Oil used to be king in Odessa, Texas. But now the citiy is diversifying its employment with growth in finnancial services, trade, transportation, utilities, and leisure and hospitality.

The Great Recession has affected nearly every person in the United States. But the recovery has fared better in some parts of the country than others. 24/7 Wall St. looked at the 10 metropolitan areas with the largest employment growth between June 2009, near the peak of the recession, and June 2012.

Of the 10 metros on our list, four are located in Texas. The Lone Star state generally fared better than much of the country during the recession, at least partially because the housing crisis didn’t hit it as hard. Notably, lending standards for mortgages were more strict than in other parts of the country, Alec Friedhoff, a research analyst with the Brookings Institute, told 24/7 Wall St. Texas was also helped by a recent boom in natural gas, creating jobs both directly in the energy sector and indirectly in supporting and related industries such as transportation.
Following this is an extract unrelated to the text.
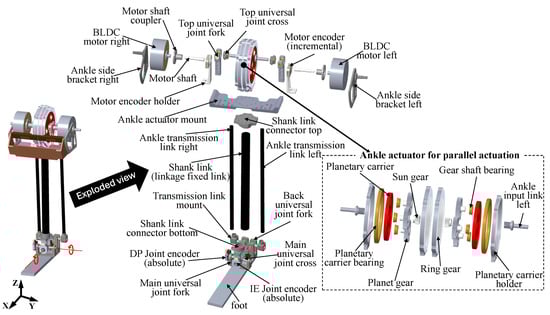 Each gearbox output connects to the foot through a transmission link and two universal joints, i.e., top and back (see Figure 8), enabling the ankle joint to achieve two degrees of freedom (2-DoF) motion at the main universal joint located on the foot. The dorsi/plantarflexion motions are achieved by rotating both planetary carriers of the ankle gearboxes in the same direction at the same speed. In contrast, inversion/eversion motions are realized by driving the planetary carriers in opposite directions. With this coupled actuation scheme, the ankle joint can deliver twice the torque of a single actuation setup (comprising a motor, gearbox, and single 4-bar linkage) while retaining its output speed. In other words, this configuration allows the ankle to perform high-torque operations at high joint speeds. The ankle actuator differs from the hip and knee actuators, since it employs an outrunner-type BLDC motor paired with a single-stage planetary gearbox. As shown in Figure 8, the ankle motor is mounted on the ankle side bracket, and its motor shaft is attached via a shaft coupler. The shaft passes through a high-resolution incremental encoder for motor position and velocity measurements, and a sun gear is mounted at the end of the shaft.

Some of the job growth data should be considered skeptically, especially in smaller metropolitan including some on this list, Milken Institute Senior Economist Armen Bedroussian told 24/7 Wall St. He notes the percentages and the number of people employed or unemployed could fluctuate widely due to the decisions of one company to hire or fire. For instance, in Columbus, Ind., when the area’s largest employer, engine manufacturer Cummins, makes decisions about its employment needs, it affects the entire region.

Throughout the country, certain jobs are growing while others are in decline, especially in the last year. In terms of growth, Friedhoff points to the manufacturing sector making a comeback, helping states such as Michigan. Meanwhile, Bedroussian points to recent growth in the technology sector, which has helped boost employment in Texas cities such as Austin, Dallas and San Antonio.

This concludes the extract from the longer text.